There’s also a mural, painted by Cuban-born Dallas artist Rolando Diaz with the help of some students from Booker T Washington High School. The mural contains the word “unwind”—another point of the center. “When they’re used to being on the street, they’re on guard 24/7,” says Baldor. That makes it hard to plan for the next step.
The next step for the collaborative project, Baldor says, is to raise the $1 million needed to turn the space next door into a shelter. It’s currently a gutted old elementary school, mostly concrete floors and walls, one broken window, and an old chalkboard that will be incorporated into the design once contractors are allowed to enter.
The shelter will have 35 beds in all, nine of them denoted for more long-term “transitional living.” The other 26 are for “crisis situations,” shorter- term stays while staff figure out a longer-term solution. The center will need permission from a parent or guardian or from Child Protective Services to house a child longer than 24 hours. It’s possible that a kid could start in a short-term crisis room and move into a long-term stay, and those could span an entire school year or even longer. Officials expect referrals from DISD to account for a significant portion of the tenants, but they could also come from the crisis hotline, hospitals, or police. Tenants either have to be currently enrolled in a DISD school or eligible to enroll.
On the tenants: all 35 will have their own key fobs and the free will to come and go as they please. With only so many slots available, Baldor says, the goal is to incentivize students toward good behavior. “We’re going to create an environment where they want to be here,” he says. “They’re going to mess up, that’s just part of being an adolescent. … But there’s a built-in incentive for them to want to perform well.”
Save for a few double rooms, all of the beds will be enclosed in four walls, with a window, a closet, and a desk. It’s dorm-style living. Beyond the shelter, Baldor says there will be free tickets to Dallas events and museums, plus field trips. Above-and-beyond behavior—helping a peer study, for instance—will be rewarded through a point system. On the other end are incentives like driving lessons. “This is a home,” Baldor says. “We’re providing a home for them.”

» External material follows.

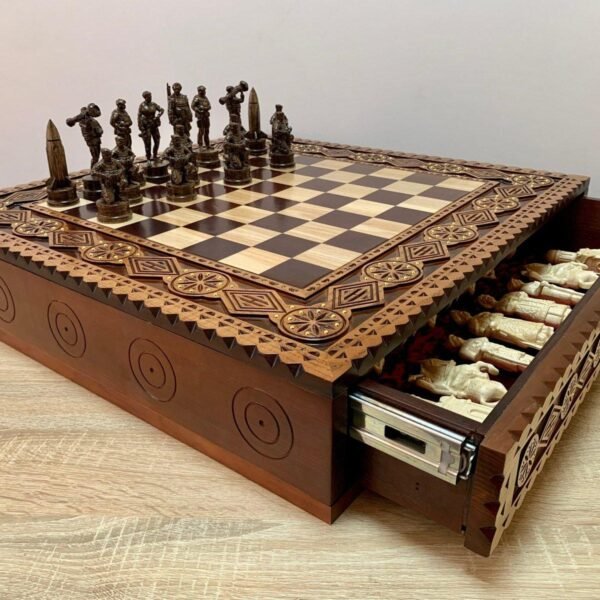A collectible chess set, handmade from ash, in a unique design with carvings and beads. Two drawers with a velvet backing carefully store 32 pieces with premium detailing - Cossacks with an ataman and warriors of the Ukrainian Armed Forces with T. Shevchenko and L. Ukrainka.

Whether its scalable beyond the 35 beds—which will accommodate an estimated 200 students per school year—remains to be seen. DISD Superintendent Michael Hinojosa said Tuesday that vacant former schools like Pearl C. Anderson Middle Learning Center and Billy Earl Dade Middle School could potentially fit the bill to house similar youth centers, but both sit relatively close to Fannie C. Harris. The district will need to assess greatest areas of need. Many of the schools that could be considered for this use are in disrepair, Hinojosa said. “To replicate this all over the district would be a significant cost,” he said.
That hasn’t kept Baldor from dreaming about the next stages. On Monday, as he stood inside the second floor of the vacant shelter, he looked out toward a field the youth center owns. Phase three will include flipping most of it so that kids will have somewhere to play sports and do other recreational activities. After that? Baldor pointed to a piece of the land that could help take the shelter from a 35-student capacity to 135 students.
“Let’s use the economies of scale,” he said, “and build another building.”